Vientiane: An Atypical Asian Capital

February 21, 2018

Vientiane, the capital of Laos, welcomed us with hot and humid weather (not a great combination), but also with the most relaxed and quiet atmosphere we’ve seen in an Asian capital so far. To be fair, it’s also the smallest Asian capital we’ve seen so far. The center of the city is easy to navigate on foot, but we nonetheless rented a scooter, to be able to get to the more remote sites easily.


Naturally, Vientiane has its fair share of Buddhist temples. A few of them are in the city center, while Pha That Luang, the most important one, is a 15-minute motorbike ride away. It’s also the one we liked the most, as it actually comprises a complex of temples, a stupa, a giant reclining Buddha, and lavishly decorated halls. Its golden stupa has become a symbol of Vientiane.

The Victory Monument

Another one of the main attractions of the city, the Victory Monument bears a stark resemblance to the Arc de Triomphe in Paris. Like it, it’s located in the center of a big roundabout, and it’s possible to go to its top, for views over the surrounding area. While we were not overly impressed either with the monument or with the views, it was funny to see the many shops set up inside the tower, selling all kinds of junk goods.

The Buddha Park

There is disagreement on travel websites whether the Buddha Park is worth the 1-hour bus or motorbike ride from the center of Vientiane, and about whether the sculptures it contains are just another tourist rip-off or interesting/fascinating.

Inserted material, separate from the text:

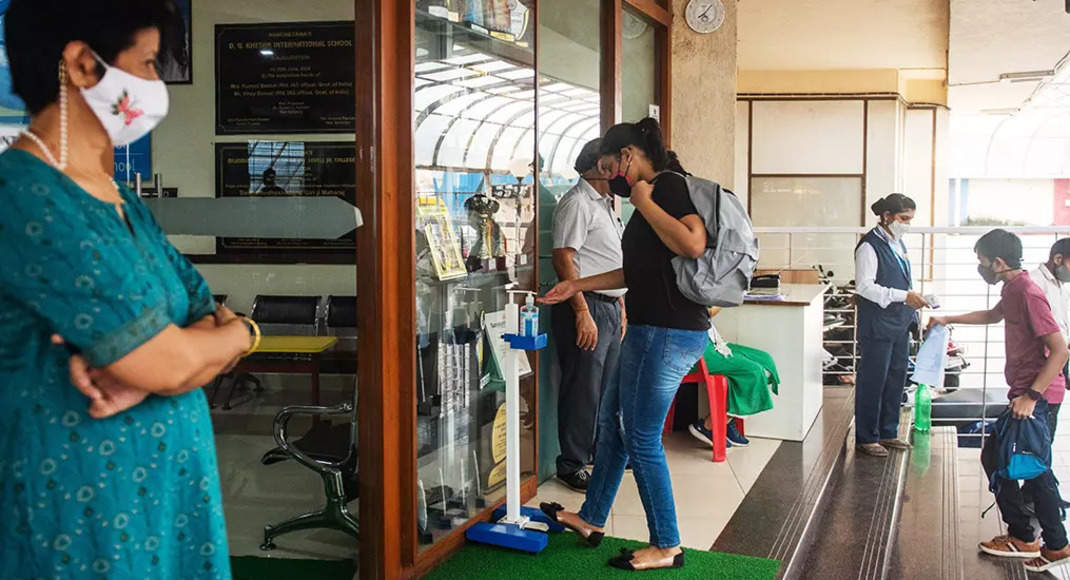 A security staff checks the temperature of a student as schools in Maharashtra reopen after being shut for over a year on October 4, 2021, in Mumbai, India.

The story behind the park is that a monk created the sculptures in the 1950s using both Hindu and Buddhist symbols, in an effort to bring together the 2 religions. The result is, in any case, unusual.

The COPE Visitor Center

Very closely related to the UXO Information Center in Luang Prabang, COPE has all kinds of interesting and informative displays about the life of people with disabilities in Laos, and the unexploded bombies (remaining from the time when Laos was bombarded by the US during the Vietnam war) which are still killing and maiming so many Lao people.

Highs and Lows


  • The discussions we have with other travelers are often highs for me. I don’t write about them here too often, but, most of the time, when we do get to have longer conversations with other travelers, those fascinating discussions teach us so much. In Vientiane, this happened one evening at a restaurant, when an old Australian professor started talking to us. While the conversation starter was a question about mosquitoes, over the following one hour and a half we got to discuss everything from world politics, to religion, to his adopted children. He had already been in Vientiane for 2 months, on a state-sponsored program for agricultural development of the country. He had travelled to a lot of other countries for similar reasons, in Asia and in Africa, and had loads of fascinating stories to tell. At the end of our 6 months of traveling, we will also go back home with lots of interesting stories, but I always feel humbled when talking to someone who has travelled for his whole life, trying to help in the development of the places that he visits.


  • When we left Vang Vieng, I thought we were done with the dusty motorbike rides, at least for a while. Turns out I was wrong. We went to the Buddha park on motorbike and, although we had thought the road to it was paved all the way, that was not the case. So our motorbike ride turned into a dust festival again. I tried to protect myself from the dust as best I could:

But this is what I looked like when I got back to the hotel:

Next Stop: Hanoi, Vietnam

As Swiss citizens, we’re allowed to stay in Laos for 15 days without a visa. That time is running out now, so we’re moving on. Next destination: Vietnam! We’re flying from Vientiane to Hanoi. We’ll start our exploration of Vietnam in the north of the country, and slowly make our way south. We got a 30-day visa for Vietnam, so this will give us more time to explore the country.